Missing MikroTik feeds
I was disappointed to see that MikroTik does not offer a feed for Winbox updates. Winbox downloads are available on the same software download page wherein one can find the RouterOS version downloads, but there are only links for the current 64- and 32-bit WinBox versions. I make a habit of checking for a new WinBox release every time a RouterOS update pops up. I hope that MikroTik creates an additional RSS feed for WinBox updates.

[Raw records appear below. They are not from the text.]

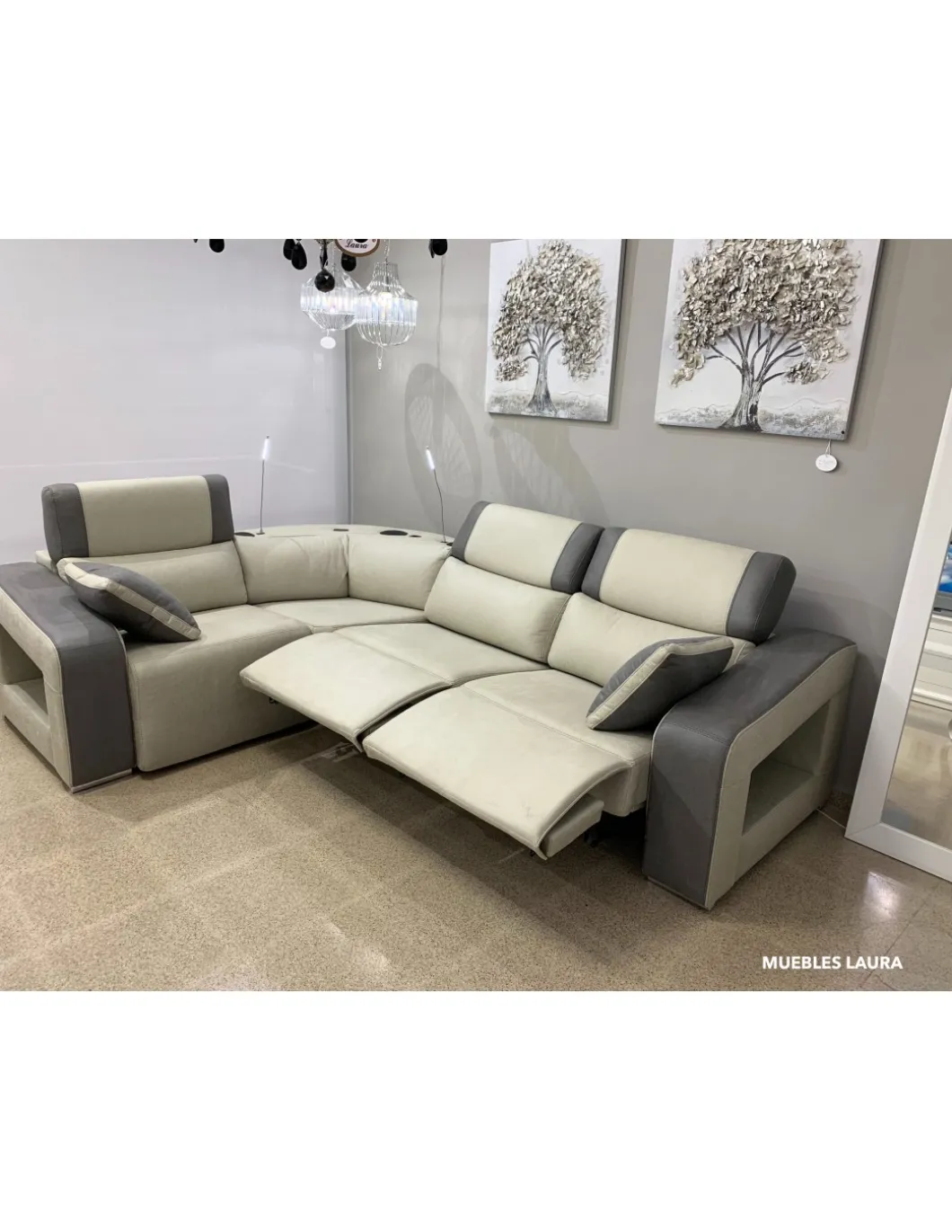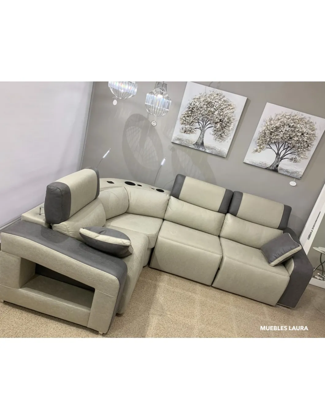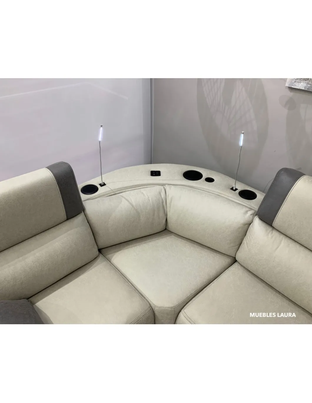 SOFÁ RINCONERA CON 2 ASIENTOS RELAX ELÉCTRICOS + MODULO RINCON + MODULO DESLIZANTE (2 USB CON LUZ+EQUIPO BLUETOOTH) de 2.85X2.06 metros.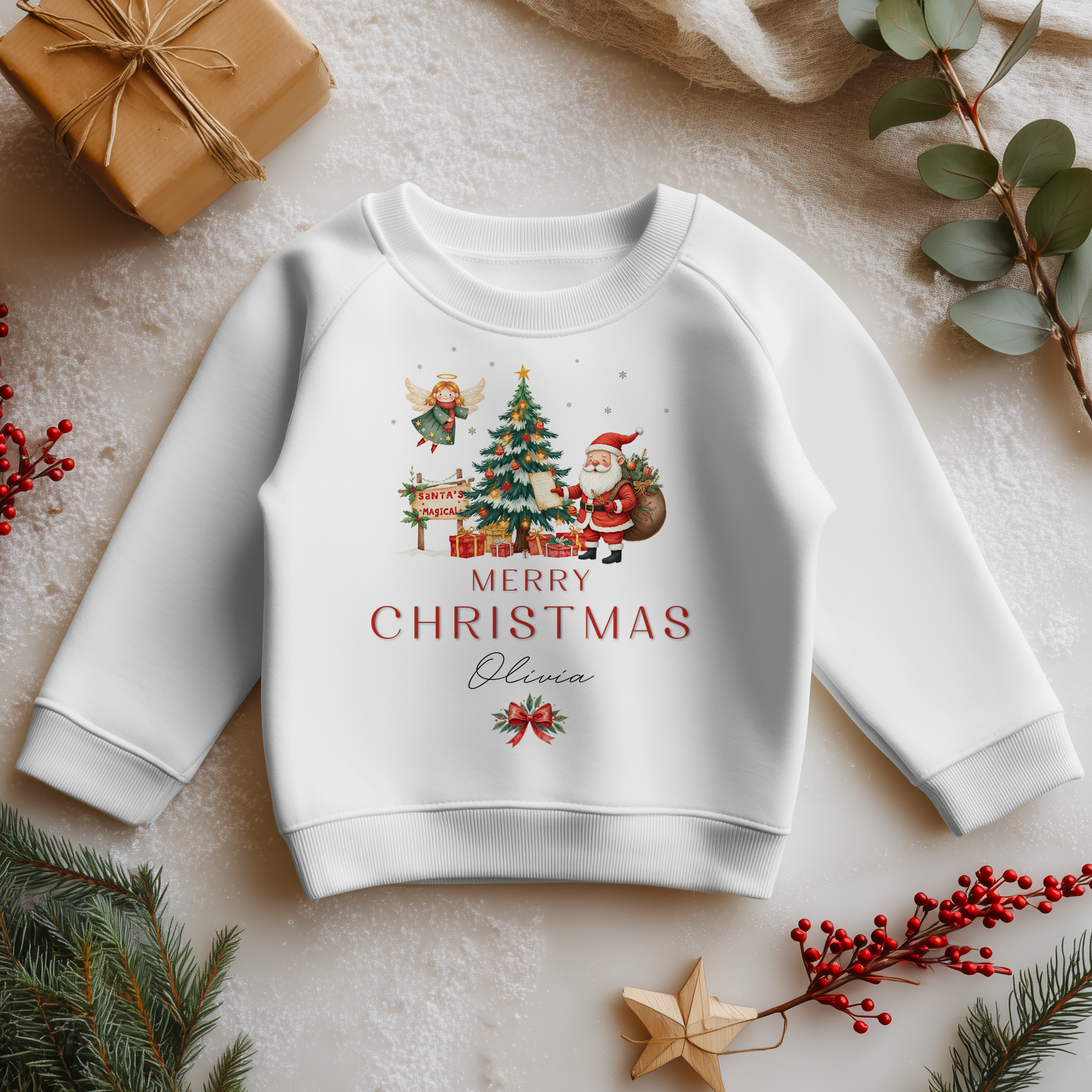 Christmas Santa With Angel Personalised Toddler & Kids Sweatshirt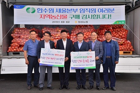 울주군은 8일 울주군청 중앙광장에서 한국수력원자력(주) 새울원자력본부 한상길 본부장(불참)과, 윤상조 대외협력처장, 문병용 농협 울산지역본부장, 김형진 울주군지부장, 박동섭 청량농협조합장과 양파작목반원이 참석한 가운데 1천만 원 상당의 청량 양파 20t 사주기 행사를 열었다.

MikroTik does not offer feeds for cloud hosted router SwitchOS or SwitchOS Lite updates. However, I do not know much about these software, so I have no view on whether they should have feeds.
Conclusion
Although the MikroTik grey-hat hacker story is dated, there is a valuable lesson. Routers tend to sit in a corner and work. It is easy to forget that they need to be updated, especially if you are not using a mobile app or other tool that provides notifications. In the case of MikroTik, RSS feeds make it very easy to stay on top of updates without having to use Winbox, an app, or a similar tool to check every day for something which may only be updated once every few weeks. I encourage fellow RouterOS users to try using an RSS feed for updates. If you are using and managing a different router, I strongly encourage you to look into how to keep it up to date and make sure that you have a convenient way for receiving update notices. I would not be surprised of other router operating system manufacturers also offer RSS feeds or if it is otherwise possible to convert an update list into a feed (see e.g., the excellent Morss.it tool).
(If you are using a free and open source router operating system such as OpenWRT or pfsense, I commend you. I considered setting up my own router – but ultimately decided against it for the time being. Someday. But make sure you are keeping your router up to date in any event.)